Steve's blog is here.
His article on the winner of Few's dashboard competition is here. In it, he wrote:
I’ve been troubled by both the premise and results of Stephen Few’s dashboard design competition as I think it celebrates the number of disparate elements that can be crammed onto a single dashboard rather than champion the display and positioning of the elements that really need to be present (see http://www.perceptualedge.com/blog/?p=1374).

I see it somewhat differently, that the either-or choice implicit in Steve's framing is a false dichotomy, that it's possible, even desirable, to build dashboards that can be information-dense and highly effective at communicating the most salient information. I'll go further: my personal belief is that any dashboard that doesn't do both is only excused on the grounds that the media it's presented in compromises one or both principles.

Dashboard design schools.

There are a couple of schools of thought in dashboard design, that split along the dimensions of size, scale and density of dashboard information presentation.
Please note that as far as I know there aren't any official schools—this is only how I see things, and I don't speak for Edward Tufte or Stephen Few.

The traditional school.

Stephen Few is, I believe, a member of the analytical information design school that holds that effective designs can, even should, be sized sufficiently large enough to be effective at presenting all the information relevant to understanding the particulars and relevant context of the situation under consideration. Edward Tufte is the most famous of this school.

Members of this school advocate the design of rich, comprehensive, highly detailed dashboards that convey the full span of information someone needs to have simultaneously visible in order to fully comprehend the situation.

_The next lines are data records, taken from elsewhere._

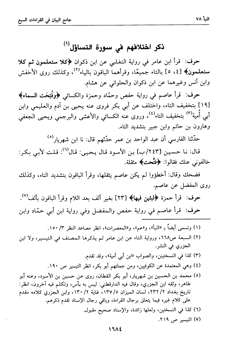 (5) محمد بن الحسين بن شهريار، أبو بكر القطان، روى عن حسين بن الأسود، وعنه أبو طاهر، وثقه ابن الجزري، وقال فيه الدارقطني: ليس به بأس، وتكلم فيه آخرون، انظر:
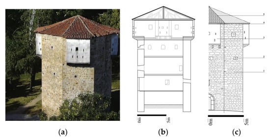 Tower Dzephana. (a) Tower Dzephana before the demolition, called Ahmed Aga’s tower (It is assumed that he rebuilt it) (Photo source: private archive of Vladan Vidosavljević). (b) Cross-section of the tower Dzephana—proposal. (c) Detail of the materialization of the façade—proposal (Drawigns: Lejla Zećirović).
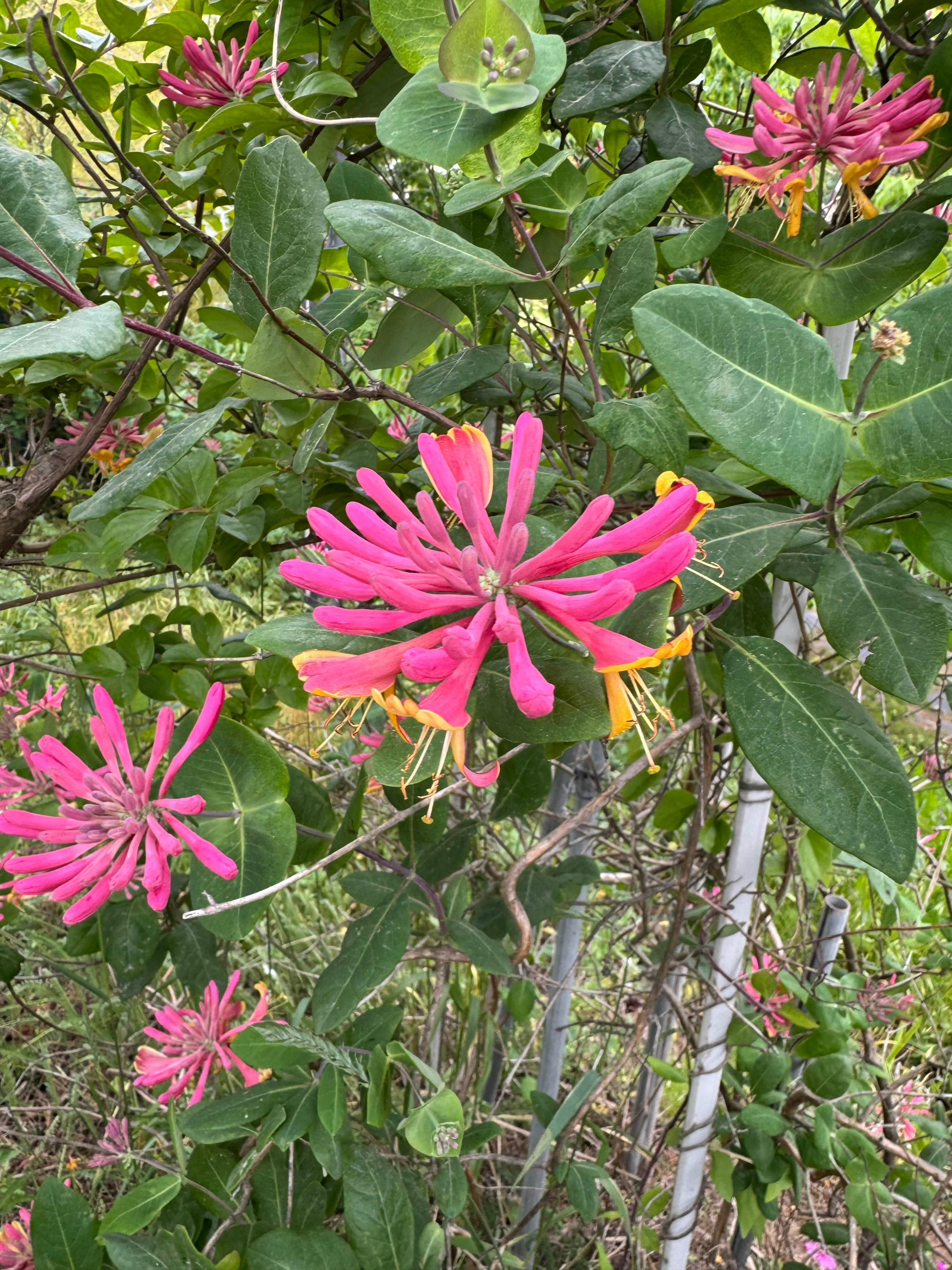 **붉은 인동(Lonicera × heckrottii)**은 꽃과 잎의 색채 대비가 돋보이는 덩굴식물입니다.
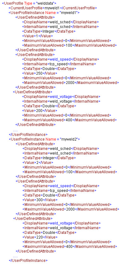 The Corresponding ABB RAPID welddata definition would be similar to this: PERS welddata 1,250.0,200.0,10.0,100.0,10.0,10.0; Similar process data definitions would be supported for ABB Rapid weavedata and seamdata datatypes. Welddata UserProfile Type Attributes:

This design sensibility assumes that the dashboard media are capable of such presentions. In his workshops Tufte has talked about the roughly half-million data point available in simple technologies like 11"x17" paper that can be printed on any standard business printer or presented on monitors with the equivalent size and pixel density capability.

The new school.

On the other side is the small-format school who emphasize the need to design dashboards that can be rendered effectively in small formats, e.g. laptops, iPads, mobile devices, and the like with Web browsing, blogs, and native apps, etc. This school emphasizes the need for a few clear visualizations coupled with rich and effective interactivity to enable the user to easily and effectively browse through an information space exceeding the device's display dimensions.

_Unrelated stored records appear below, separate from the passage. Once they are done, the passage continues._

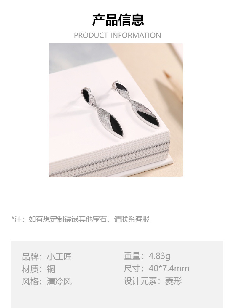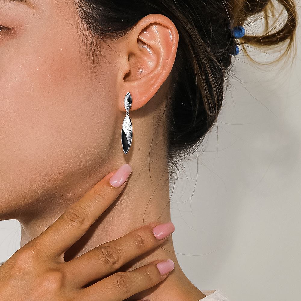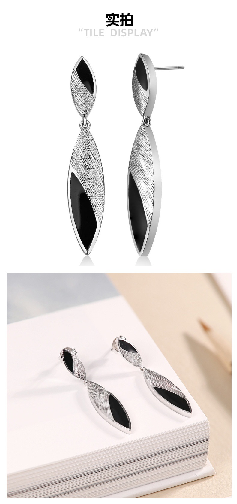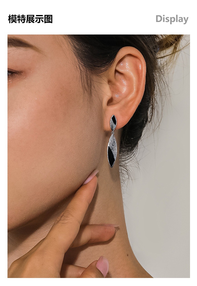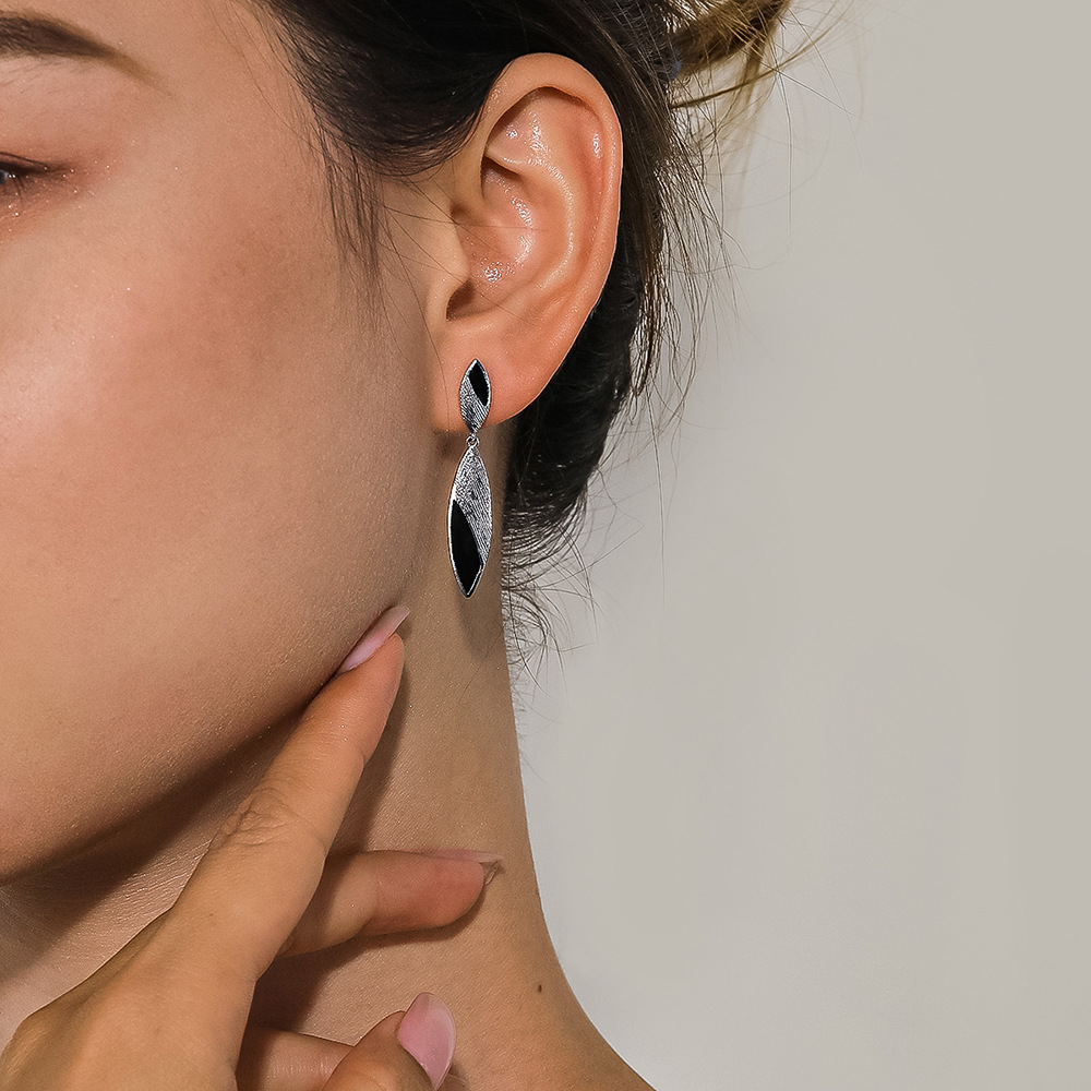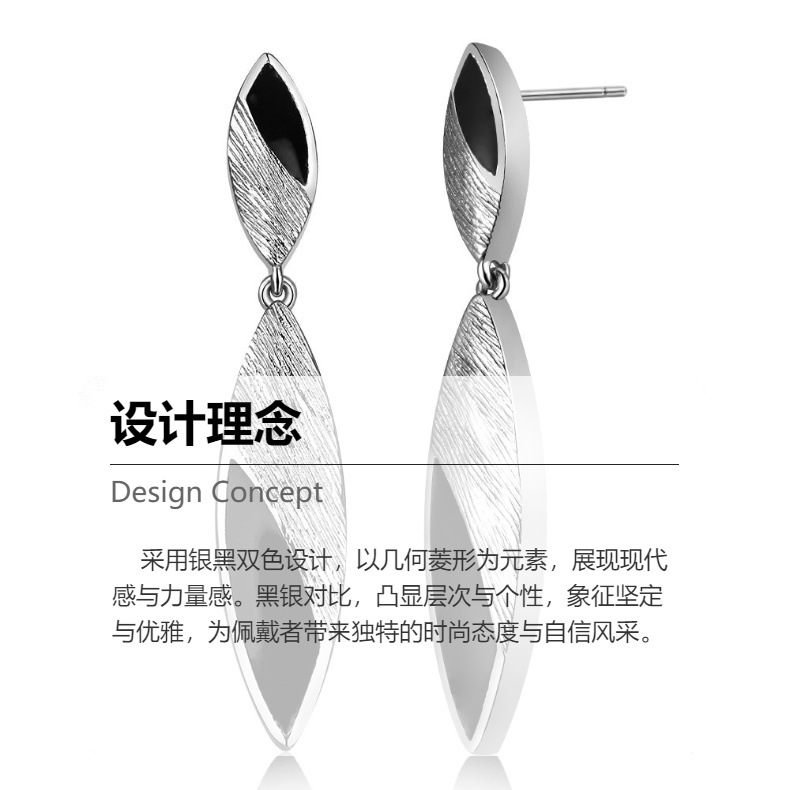 Cross-Border New Diamond-Shaped Silver and Black Brushed Earrings, Personalized Cool Style Earrings, Internet Celebrity Style Tassel Earrings
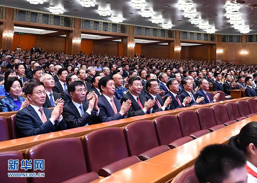 9月29日,慶祝中華人民共和國成立70周年大型文藝晚會《奮斗吧 中華兒女》在北京人民大會堂舉行。習近平、李克強、栗戰(zhàn)書、汪洋、王滬寧、趙樂際、韓正、王岐山等黨和國家領(lǐng)導人同4000多名觀眾一起觀看演出。 新華社記者 謝環(huán)馳 攝
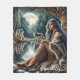 Na borda da água tranquila, uma índia nativa se senta graciosamente, vestida em roupas tradicionais, à medida que dois lobos majestosos ficam atentos. A lua de cheio lança um brilho suave, iluminando a natureza serena ao seu redor.
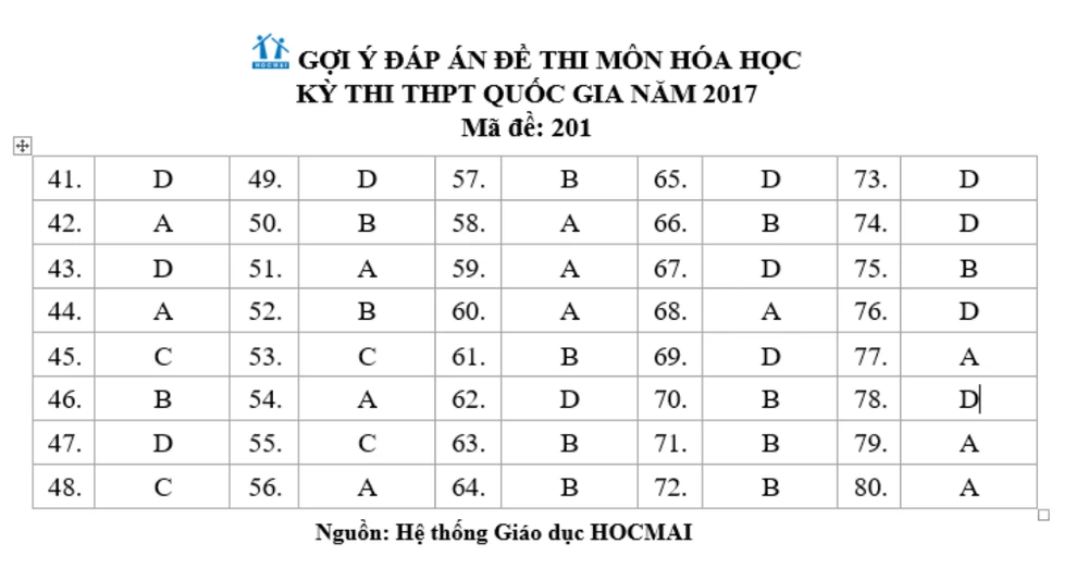 Đề thi, gợi ý bài giải các mã đề môn Hóa học
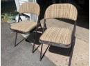 Pair Of Meco Folding Chairs With Fabric Cushions

The divide between the schools seems largely a consequence of the timing of entry into the marketplace of the small-format school. People whose first or highly predominant exposure to analytical information design came from building dashboards with one, two, maybe three or four charts for delivery in blogs or on laptops or iPads, quite naturally assume that their design paradigm is the right and natural one. Those who came to dashboard design in an earlier time sometimes look askance at designs that needlessly waste or misuse space that could be profitably used to communicate information.

Effective dashboard design challenges have substantive commonalities and differences in both camps. Each has its place, and its strenuous advocates. In many cases the believers in one form aren't aware of, or believe in, the strengths and advantages of the other. For example, large-format designs provide the opportunity to keep related information in sight, but they're largely unworkable on small-format electronic media where the consumer needs to look at the information through a small viewport, however easily scrollable. Small-format designs cannot take advantage of the full range of the human visual cognitive field - our binocular field of vision can take in more information than can be presented in small formats.

I believe that the large-format camp is more suitable for the Teacher-in-class scenario in Few's contest. Being able to print out a double-sided 11"x17" page with information front and back would provide the information the teacher needs in a form that s/he could keep readily at hand, and put into a logbook at day-end that would provide the historical record over time. Tufte talks about this scenario—when I took his workshop in D.C. he called it the daily briefing sheet for the Admiral; there was a large military contingent in the audience and I suspect he tailored the example to fit.

About Tableau's Dashboard Design Philosophy

–or– to which school does Tableau most naturally align?

Tableau's design strength lies in the small-format world, creating dashboards with a limited number of charts and tables, with interactive features dominating the expansive use of space for information presentation. I'm not privy to Tableau's design philosophy in this realm, but think it's a natural outcome of its inception and evolution in (relatively) small media, and with the drive to incorporate social media and mobile devices the pressure will be to push improvements out into this space.

I keep hoping that Tableau will incorporate those features that directly address the needs of information-dense information designs.

Chief among these is a sophisticated dashboard layout manager capable of control and precision in the placement and behavior of the components, both individually and collaboratively. Tableau has come a long way in its dashboard design abilities, but it still has far to go. There are plenty of excellent examples of layout managers in the world to use as examples.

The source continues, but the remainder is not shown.